Trump's DACA 'deal' with Democrats may impact key GOP elections

Trump's DACA 'deal' with Democrats may impact key GOP elections

The complaint was filed less than a day after President Trump met with House Minority Leader Nancy Pelosi of California and Senate Minority Leader Chuck Schumer of NY and agreed to protect certain immigrants brought illegally into the children and enhancements to USA border security.

Pelosi and Senate Democratic leader Chuck Schumer said they left that dinner with a framework in hand: Legal protections for "Dreamers", paired with funding for border security measures - excluding the wall.

Trump had dinner at the White House Wednesday night with Senate Minority Leader Chuck Schumer, D-New York, and House Minority Leader Nancy Pelosi, D-California.

Pelosi at her weekly press conference Thursday clarified Democrats had not reached agreement with Trump on a proposal. "Plus BIG border security".

After Trump gave a deadline of six months to the Congress to address the situation and come up with an alternative, Republican lawmakers promised quick work to help undocumented immigrants.

"It's what Jesus would have done in similar circumstances, I believe", DACA supporter Liz Masterson said. After all, Trump appeared to be against the program throughout his campaign.

"They have been in our country for many years through no fault of their own - brought in by parents at young age", he wrote.

"We're talking about taking care of people, people who were brought here, people who've done a good job".

Asked if he viewed the president as focusing on legalization over enforcement, Barletta said no: "I have no idea what happened in that room last night, so I'm not going to even speculate".

He tweeted early Thursday making clear that there was "no deal" yet on the Deferred Action for Childhood Arrivals - Trump's administration vowed this month to wind down the programme, which was implemented by his predecessor, Barack Obama. "If I don't get the wall, then we will become the obstructionists", he said.

Though they both fall under the broad umbrella of immigration, they are totally separate issues.

CONFUSION reigned in the USA yesterday over Donald Trump's plan to deport 800,000 illegal immigrants who came to the country as children.

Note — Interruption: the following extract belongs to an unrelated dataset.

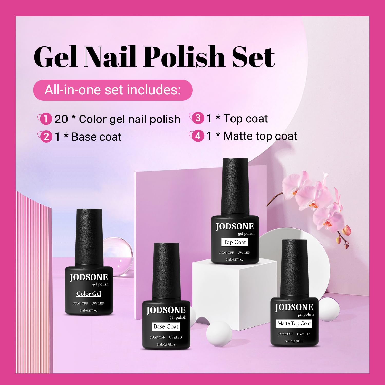 JODSONE 23 PCS Glitter Gel Polish with Soak off Base Coat Matte and Glossy Top Coat Glitter Red Pink Color High Shine and Fashion Gel Nail Polish Kit
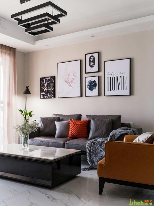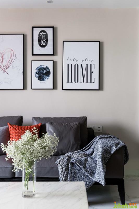 沙發(fā)背景墻選用最簡(jiǎn)單的方式點(diǎn)綴。

Other Republicans or Independents who have discussed the possibility of a Trump impeachment include Representative Justin Amash (R-Mich.), Representative Carlos Curbelo (R-Fla.) and Senator Angus King (I-ME). And as I recall, for a lot of the people who initially (or at least eventually) wound up supporting the president, amnesty was pretty much a deal breaker.

"Mostly it's emotional support", Middlehof said, "because of the uncertainty".

Democratic aides said that although there was no final deal, an agreement had been reached.

"That's an important position because we can not make a 2,200 mile (3,540 km) wall a condition for passing the Dream Act and we've been very clear from the start", said Senator Dick Durbin, a senior Democrat who has been working for the past 16 years to legislate protections for the Dreamers. I mean, we always knew there were flaws in his personality, and basically everything that the fancy NPR, Charlie Rose types didn't like about him, that he is an unbelievably tacky vulgarian.